Copy nothing past the line containing "Салон обойной моды". Transcribe every line of the listing below up to and including it, from the first, except pictures.
BEGIN Data block
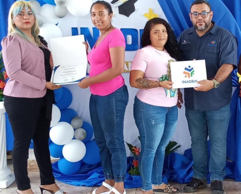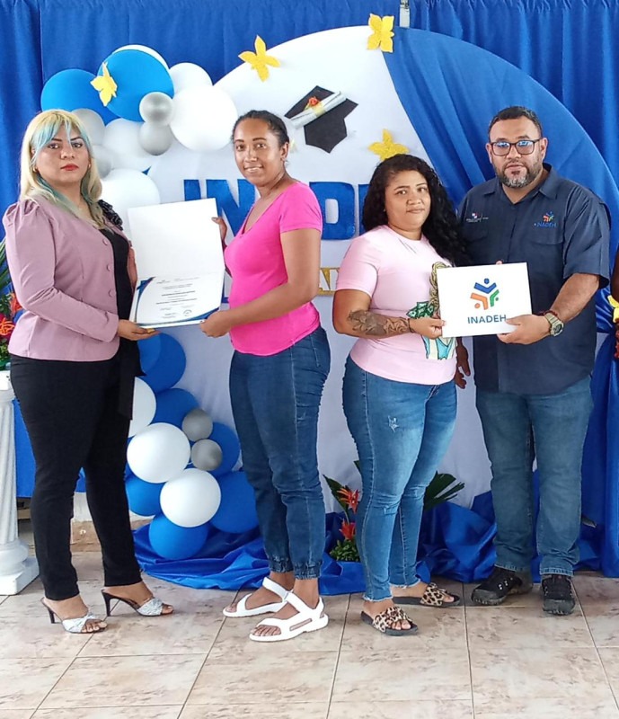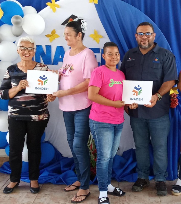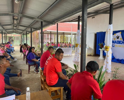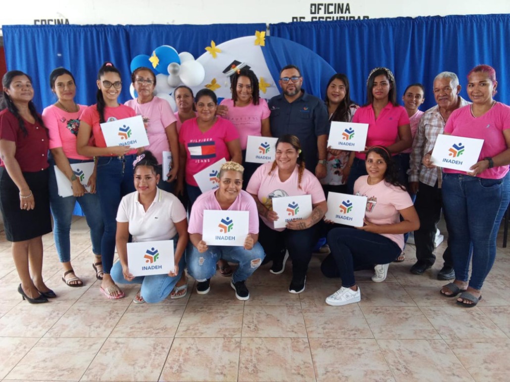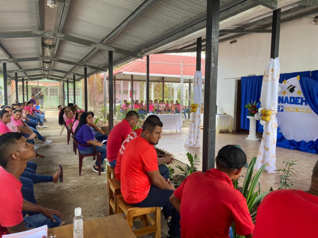 Coclé, 22 de mayo de 2024. – Un grupo de 70 privadas y nueve privados del centro penitenciario de Llano Marín recibió certificado de culminación en diversos cursos en inglés, dulces nacionales, albañilería mosaico y azulejos, cultivo de granos básicos, diseño de cejas y pestañas postizas y confección de muebles de estilo, a cargo del equipo de instructores del Instituto Nacional de Formación Profesional y Capacitación para el Desarrollo Humano (Inadeh).
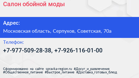 Салон обойной моды по адресу Московская область, Серпухов, Советская, 70а в дальнейшем Организация, размещена в следующих категориях:
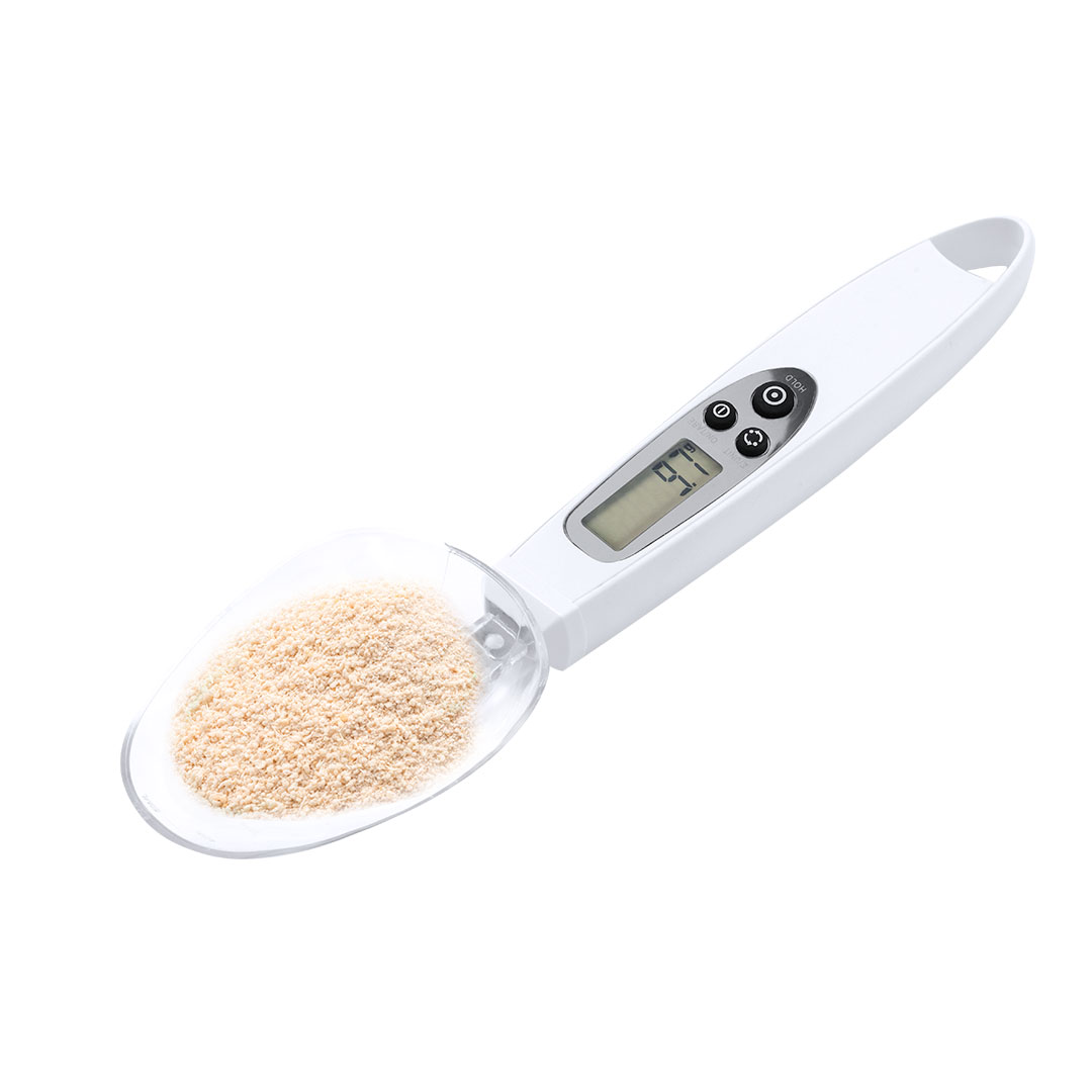 Práctica báscula digital con cuchara, válida para líquidos y sólidos. Incluye 2 cucharas intercambiables y pantalla digital LCD situada en el mango, mostrando el pesaje con una precisión de 0,1g. Botón para mostrar el peso en gramos (g), onzas (oz), o mililitros ( ml), con función de memoria y posibilidad de pesar dos ingredientes. Ambas cucharas llevan grabada una escala de medición adicional para líquidos: la cuchara pequeña desde 5 ml hasta 25 ml; y la cuchara grande desde 10 ml hasta 50 ml. Con manual de instrucciones en español e inglés. Alimentada por pila de botón (incluida) y presentada individualmente en caja de diseño kraft.
END Data block
Answer for this exercise:
 Coclé, 22 de mayo de 2024. – Un grupo de 70 privadas y nueve privados del centro penitenciario de Llano Marín recibió certificado de culminación en diversos cursos en inglés, dulces nacionales, albañilería mosaico y azulejos, cultivo de granos básicos, diseño de cejas y pestañas postizas y confección de muebles de estilo, a cargo del equipo de instructores del Instituto Nacional de Formación Profesional y Capacitación para el Desarrollo Humano (Inadeh).
 Салон обойной моды по адресу Московская область, Серпухов, Советская, 70а в дальнейшем Организация, размещена в следующих категориях:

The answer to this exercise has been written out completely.